James:                  I’m in complete accord with your approach that you discover your novels as readers do, as you go along.

James:                  Do you use any special writing software? If so what is it, and what are a few of your favorite perks of it?

Trevor:                 I do use Scrivener, mainly because the chapters are laid out in a grid and I can zip to whichever one I want instantly. I can also keep track of my characters as they develop in a side margin.

James:                  What behind-the-scenes tidbit in your life would probably surprise your readers the most?

Trevor:                 I think it surprises people that although I taught Creative Writing at university and recently received an honorary doctorate (of Divinity, now that’s a surprise!), I myself never graduated High School or attended university as a student. I was on the road in my mid-teens and I suppose I still am. Another thing might be that when the federal government was fashioning new laws to combat organized crime, and specifically the biker gangs in Quebec, the top cops were secretly called to Ottawa from the RCMP, the provincial police, the Montreal police, and, oh yeah, a novelist was also invited: me.

James:                  These are massive affirmations that your self-confidence in your abilities and chosen career path are well founded.

James:                  What was the hardest part of writing your author bio?

Trevor:                 Keeping it up-to-date. Also, short and to the point. But I don’t find it hard. To be honest, I really don’t understand the question! Is writing a bio supposed to be hard? That one has passed me by.

James:                  What do you like to do when you’re not writing?

Trevor:                 I like to sail. I have a very small boat now, having downsized. But I pull it on a trailer so can sail in different waters. I also walk a lot.

James:                  Do you read the kind of books that you write or do you tend to read books that are the opposite or different – and why?

Trevor:                 I’ve written literary fiction and crime fiction, seven novels in each category now. I tend to read literary fiction more. As a rule — not exclusively — literary writers care more about the line, the words, the feel of the language. Fiction not written well bores the heck out of me and while fiction in both genres too often is not written well, there’s a lot of crime writing in recent years where the writing is competent but rather bland. Writing can be simple, but very good. I love that.

James:                  What question do you wish that someone would ask about you/your book, but nobody has? What is your response to that question?

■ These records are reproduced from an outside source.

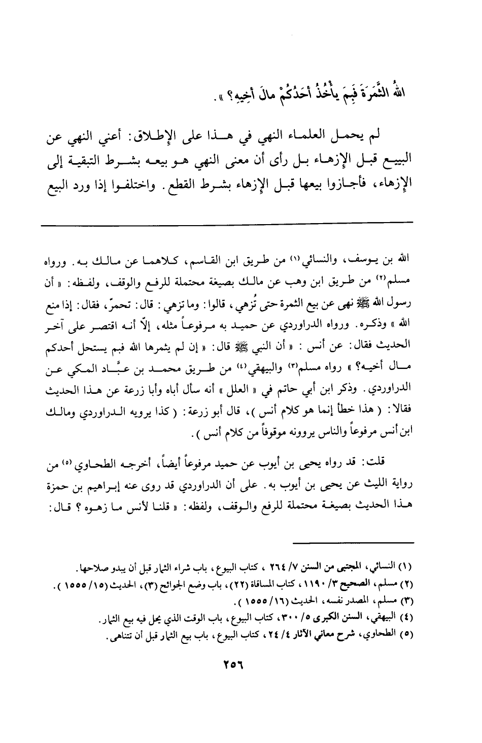 الله بن يوسف، والنسائي من طريق ابن القاسم، كلاهما عن مالك به. ورواه مسلم من طريق ابن وهب عن مالك بصيغة محتملة للرفع والوقف، ولفظه: "أن رسول الله - صلى الله عليه وسلم - نهى عن بيع الثمرة حتى تُزهي، قالوا: وما تزهي: قال: تحمر، فقال: إذا منع الله" وذكره. ورواه الدراوردي عن حميد به مرفوعًا مثله، إلَّا أنه اقتصر على آخر الحديث فقال: عن أنس: "أن النبي - صلى الله عليه وسلم - قال: "إن لم يثمرها الله فبم يستحل أحدكم مال أخيه؟ " رواه مسلم والبيهقي من طريق محمد بن عبَّاد المكي عن الدراوردي. وذكر ابن أبي حاتم في "العلل" أنه سأل أباه وأبا زرعة عن هذا الحديث فقالا: (هذا خطأ إنما هو كلام أنس)، قال أبو زرعة: (كذا يرويه الدراوردي ومالك بن أنس مرفوعًا والناس يروونه موقوفًا من كلام أنس).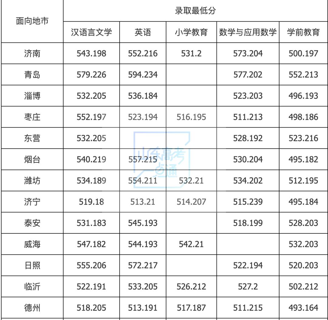 錄取平均分最低的后三名分別是學前教育專業的三個城市,德州538.2分、菏澤536.4分、棗莊536.3分。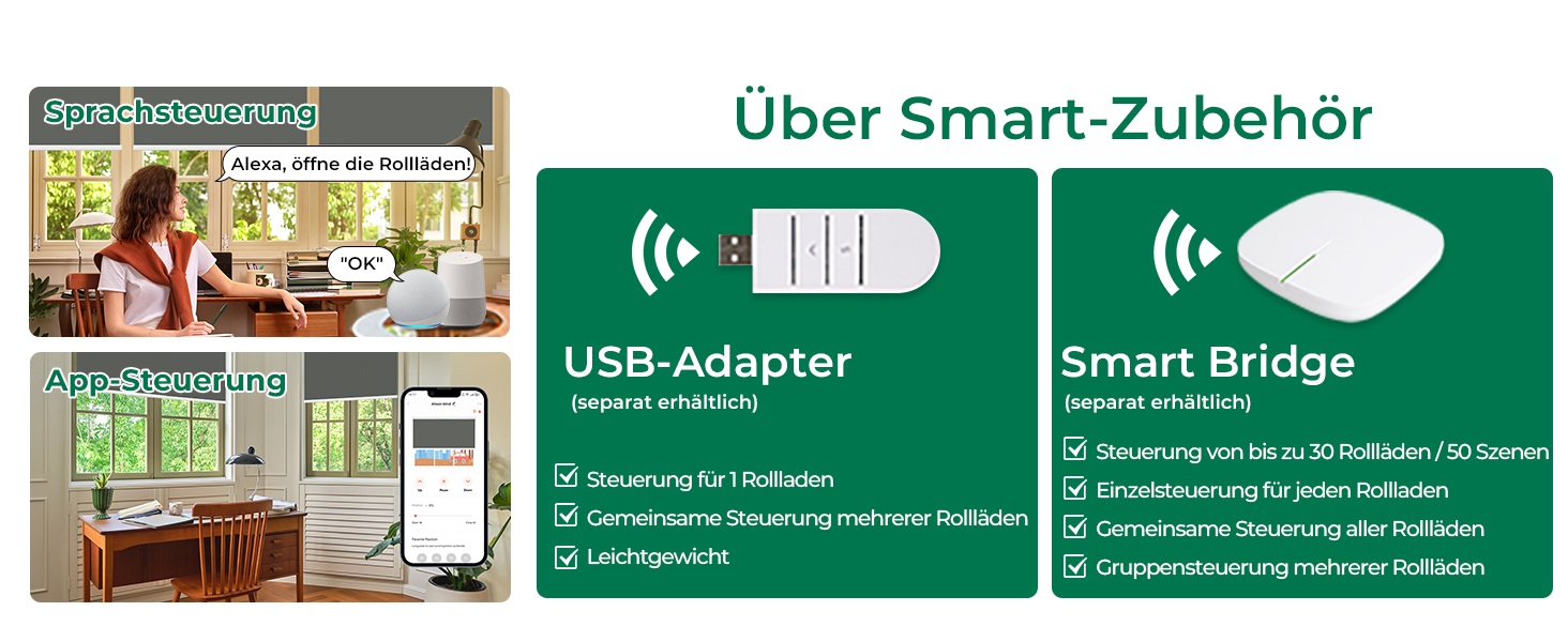 Wählen Sie aus 19 verfügbaren Farben und individuellen Breiten von 45 cm bis 200 cm sowie Höhen von 50 cm bis 250 cm. Für zusätzlichen Komfort bieten wir auch Smart Home Lösungen an, mit Sprachsteuerung über WiFi-Bridge oder Transponder.

Trevor:                 Q: Were you influenced by Louise Penny? Her character, Gamarche, when said quickly, even sounds like the name of your guy, Cinq-Mars.

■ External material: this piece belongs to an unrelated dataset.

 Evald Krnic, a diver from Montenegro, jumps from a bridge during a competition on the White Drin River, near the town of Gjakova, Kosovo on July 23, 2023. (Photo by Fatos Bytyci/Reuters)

                   A: No, because my series first appeared, world-wide, seven years before her series first appeared. People seem to forget that, or not know it.

James:                  Pick one excerpt from one of your books you would like to share with readers.

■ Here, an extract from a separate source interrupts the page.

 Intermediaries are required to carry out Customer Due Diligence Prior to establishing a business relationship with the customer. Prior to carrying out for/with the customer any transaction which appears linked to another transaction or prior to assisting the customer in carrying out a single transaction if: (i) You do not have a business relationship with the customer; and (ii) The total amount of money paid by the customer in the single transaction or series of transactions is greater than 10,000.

Trevor:                 From: The Storm Murders by John Farrow (last paragraph, first chapter)

Silence throughout the countryside, interrupted for those moments, ensued for a spell, then broke again. Across the snowy fields, echoing off the hardwoods, came the bark of yet another gunshot, so the quiet that returned, contrasted by the shot, felt immense, sustained, eternal, as brilliant as the sunshine, until there occurred a rising bedlam, a raring noise, distant at first then drawing closer as sirens raced to that snowbound cottage, police and ambulance and more police, and something in the wailing, something in the plaintiveness over the waves of fresh snow on the serene fields, suggested that their speed was insufficient, that their urgency, both provoked and necessary, was too little and could only arrive too late.

James:                  A very powerful passage to end with. It is with reluctance we draw our conversation to a close. I have learned much from our guest, Mr. Trevor Ferguson, and will attempt to employ the kernels of insight he has generously imparted.